> [THE TASK]
What you hand back must match the records word for word, with no pictures.

-----

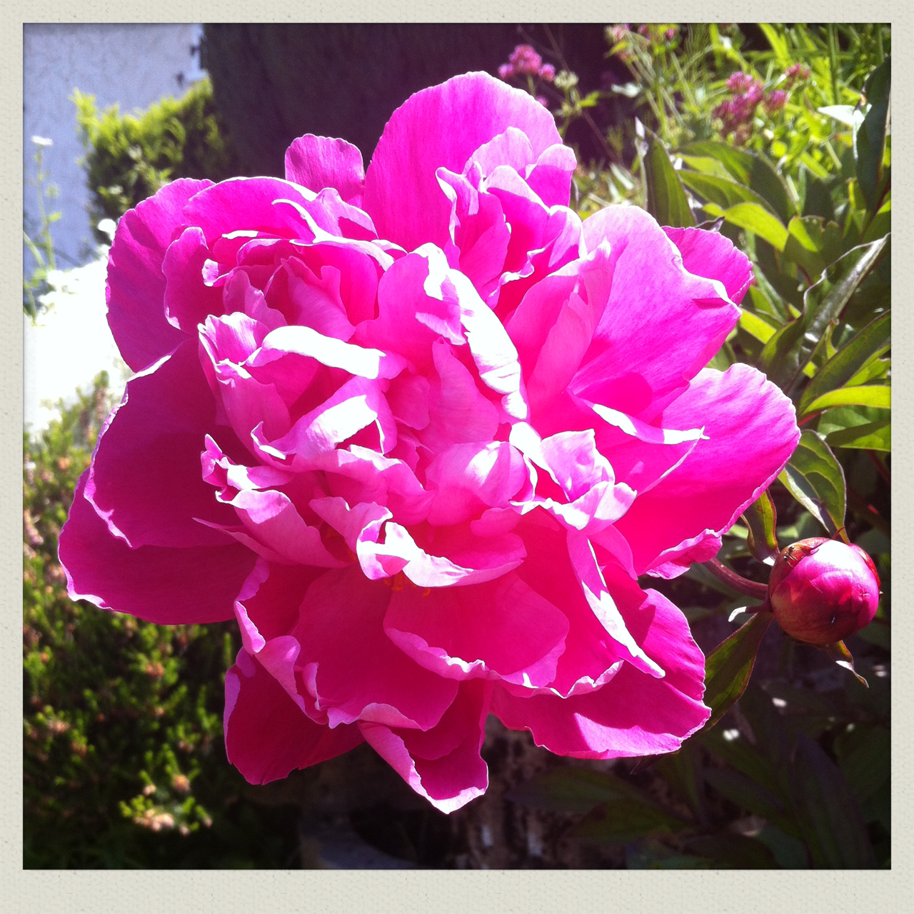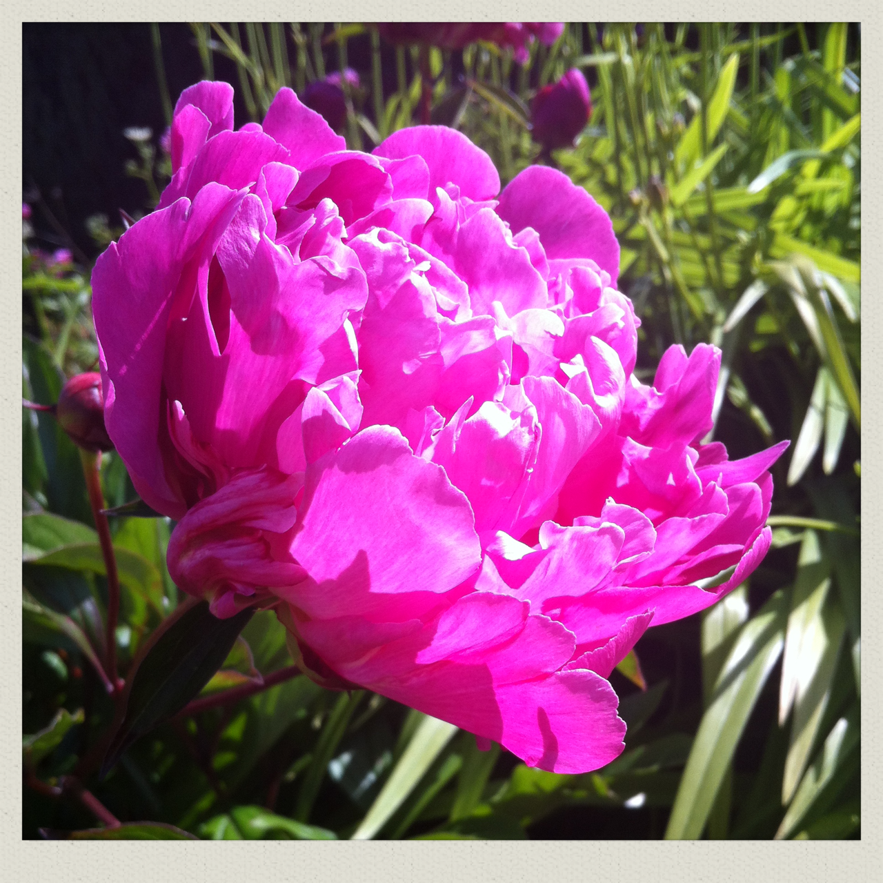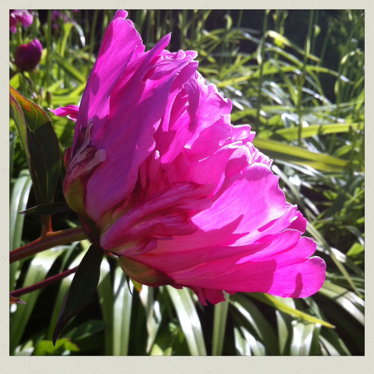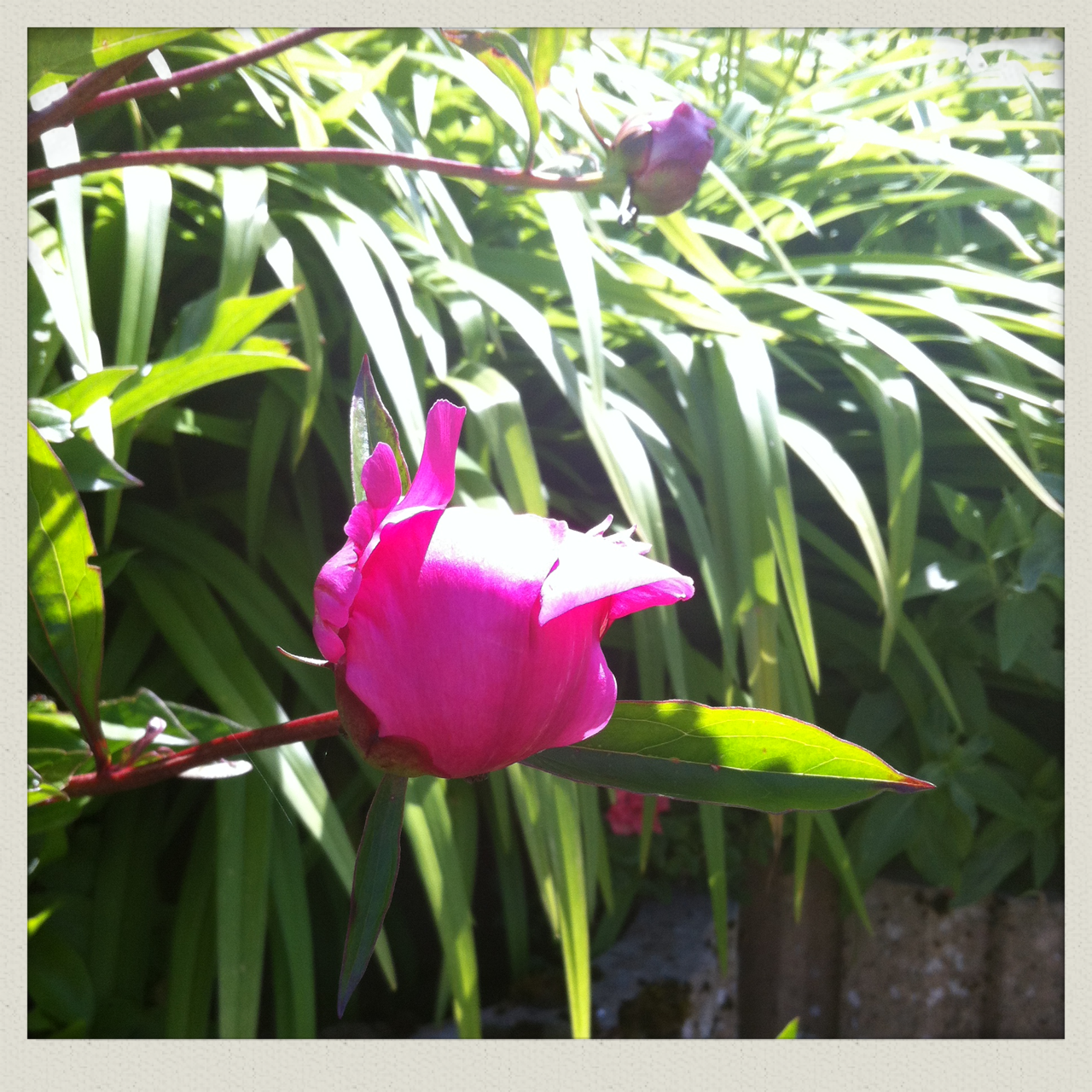 C'était jeudi. Flânerie dans le jardin. Brise légère et un peu fraîche, soleil capricieux. Elles étaient là. Deux immenses têtes rose fuchsia, toutes ébouriffées. Paeonia lactiflora ou pivoine de Chine. Splendides.
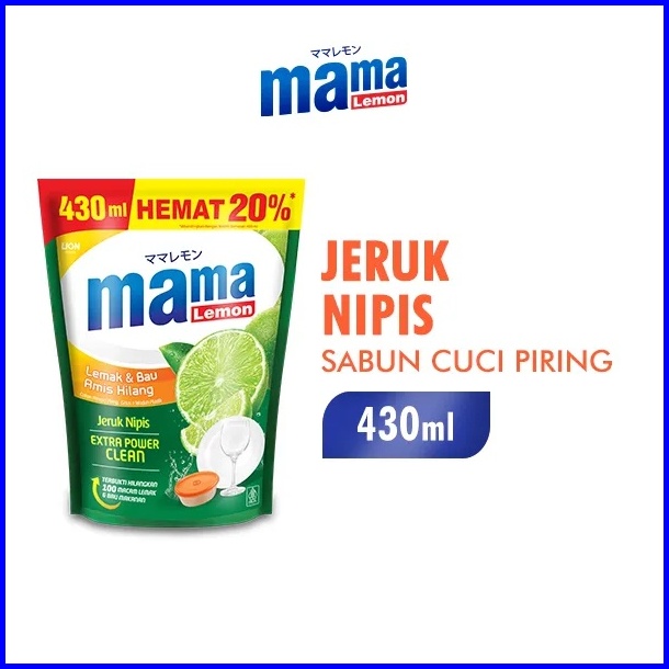 Mama Lemon Sabun Cuci Piring Jeruk Nipis Pouch 430 Ml X2
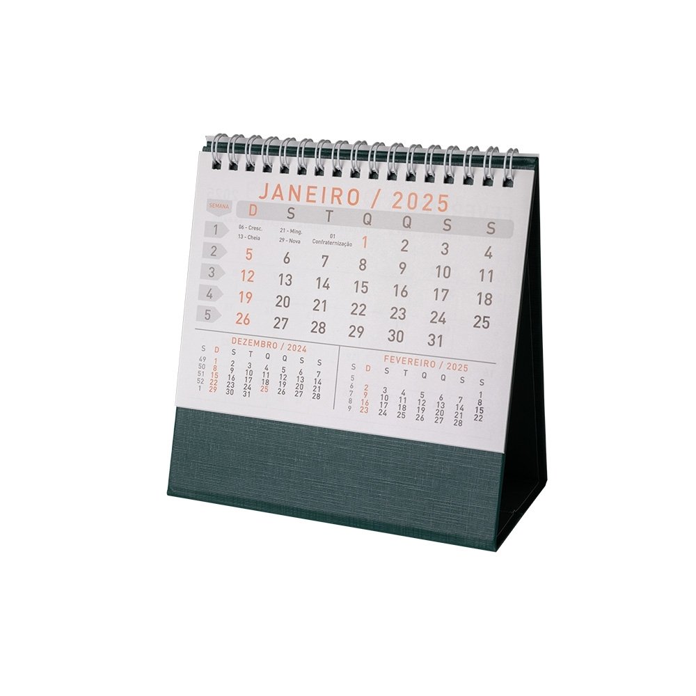 Calendário de mesa 2025 em papel couche 115g, base percalux.
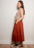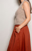 The Dalston Sapphire Skirt in vibrant rust is a midi-length style with a wide comfortable elastic waistband and front side pockets. Its flattering front pleats are designed to lie smoothly across the tummy and subtly to the sides. A seasonal offering the Sapphire Skirt is the skirt you will wear on repeat.
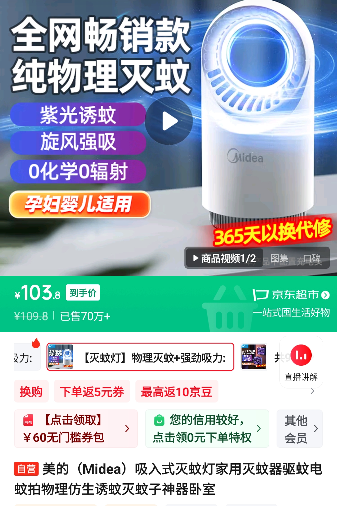Midea 흡입식 모기 퇴치등 사용 후기
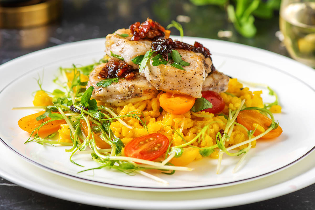 When your risotto is cooked, remove from the heat. Add the butter, cheese and remaining parsley. Stir well so the risotto becomes creamy. Taste and add more salt, pepper and lemon juice to taste. Spoon the risotto into your bowls and top with the monkfish medallions. Top the fish with the bacon jam. Add the peashoots to the tomato bowl and toss to coat. Serve alongside and enjoy!
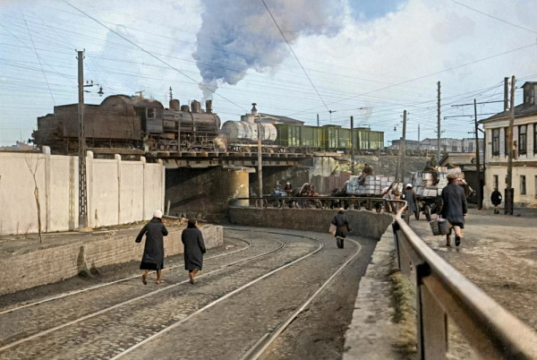 Виадук над шоссе Энтузиастов. Москва, 1926-1936 год.Жизнь кипела как и сейчас, люди спешат по делам...
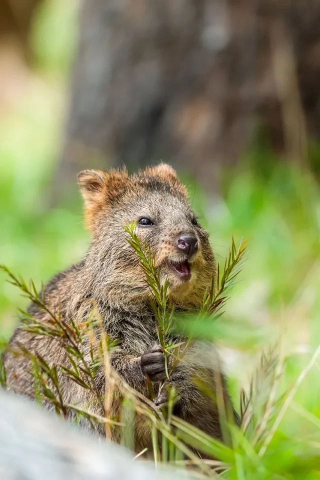 少し口を開けたタイミングを逃さず捉えているので、クオッカの生き生きとした魅力がそのまま伝わってきます。前ボケの草がうまく効いていて奥行きもあり、背景の柔らかいボケと相まって主役がしっかり浮き上がっています。
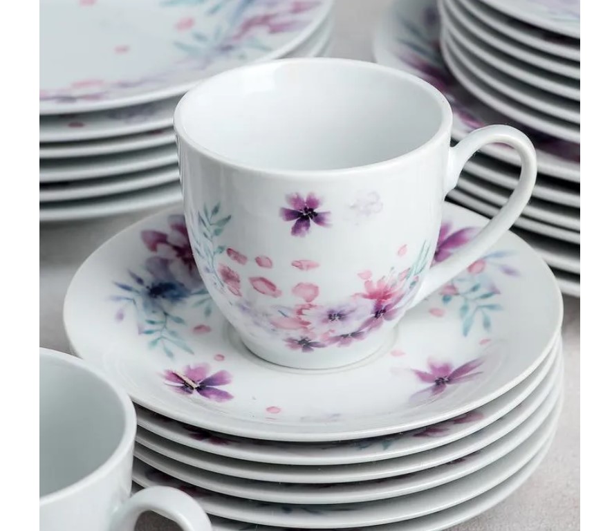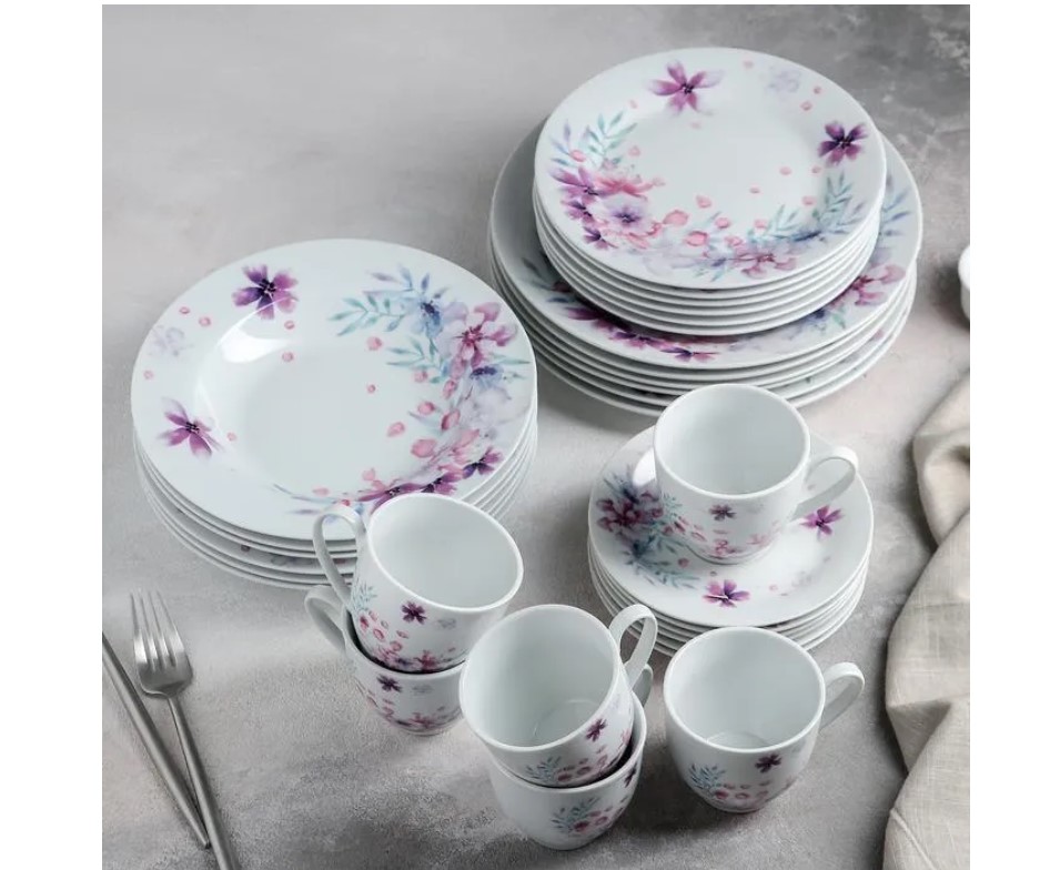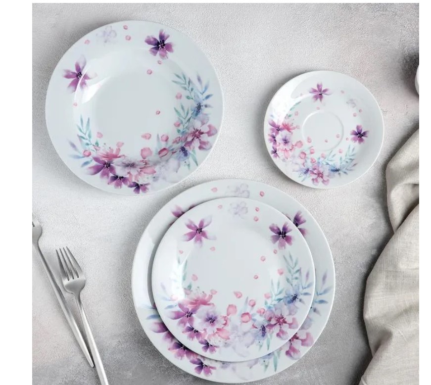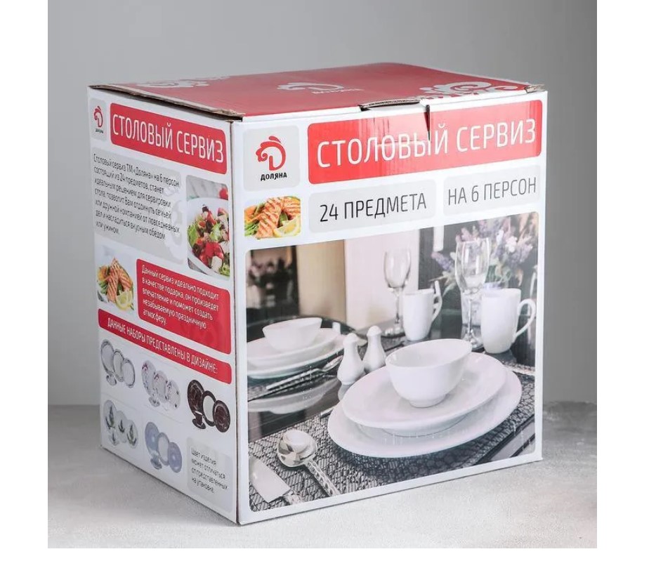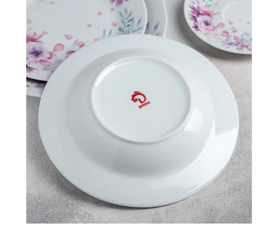 Комплектация В набор входит: тарелка обеденная 24 см - 6 шт.;тарелка суповая 21×3,5 см - 6 шт.;тарелка десертная 19 см - 6 шт.;блюдце 14,5 см - 6 шт.;чашка 200 мл, 10,5×8×7,5 см - 6 шт.

-----

> [REPLY]
 C'était jeudi. Flânerie dans le jardin. Brise légère et un peu fraîche, soleil capricieux. Elles étaient là. Deux immenses têtes rose fuchsia, toutes ébouriffées. Paeonia lactiflora ou pivoine de Chine. Splendides.
 Mama Lemon Sabun Cuci Piring Jeruk Nipis Pouch 430 Ml X2
 Calendário de mesa 2025 em papel couche 115g, base percalux.
 The Dalston Sapphire Skirt in vibrant rust is a midi-length style with a wide comfortable elastic waistband and front side pockets. Its flattering front pleats are designed to lie smoothly across the tummy and subtly to the sides. A seasonal offering the Sapphire Skirt is the skirt you will wear on repeat.
Midea 흡입식 모기 퇴치등 사용 후기
 When your risotto is cooked, remove from the heat. Add the butter, cheese and remaining parsley. Stir well so the risotto becomes creamy. Taste and add more salt, pepper and lemon juice to taste. Spoon the risotto into your bowls and top with the monkfish medallions. Top the fish with the bacon jam. Add the peashoots to the tomato bowl and toss to coat. Serve alongside and enjoy!
 Виадук над шоссе Энтузиастов. Москва, 1926-1936 год.Жизнь кипела как и сейчас, люди спешат по делам...
 少し口を開けたタイミングを逃さず捉えているので、クオッカの生き生きとした魅力がそのまま伝わってきます。前ボケの草がうまく効いていて奥行きもあり、背景の柔らかいボケと相まって主役がしっかり浮き上がっています。
 Комплектация В набор входит: тарелка обеденная 24 см - 6 шт.;тарелка суповая 21×3,5 см - 6 шт.;тарелка десертная 19 см - 6 шт.;блюдце 14,5 см - 6 шт.;чашка 200 мл, 10,5×8×7,5 см - 6 шт.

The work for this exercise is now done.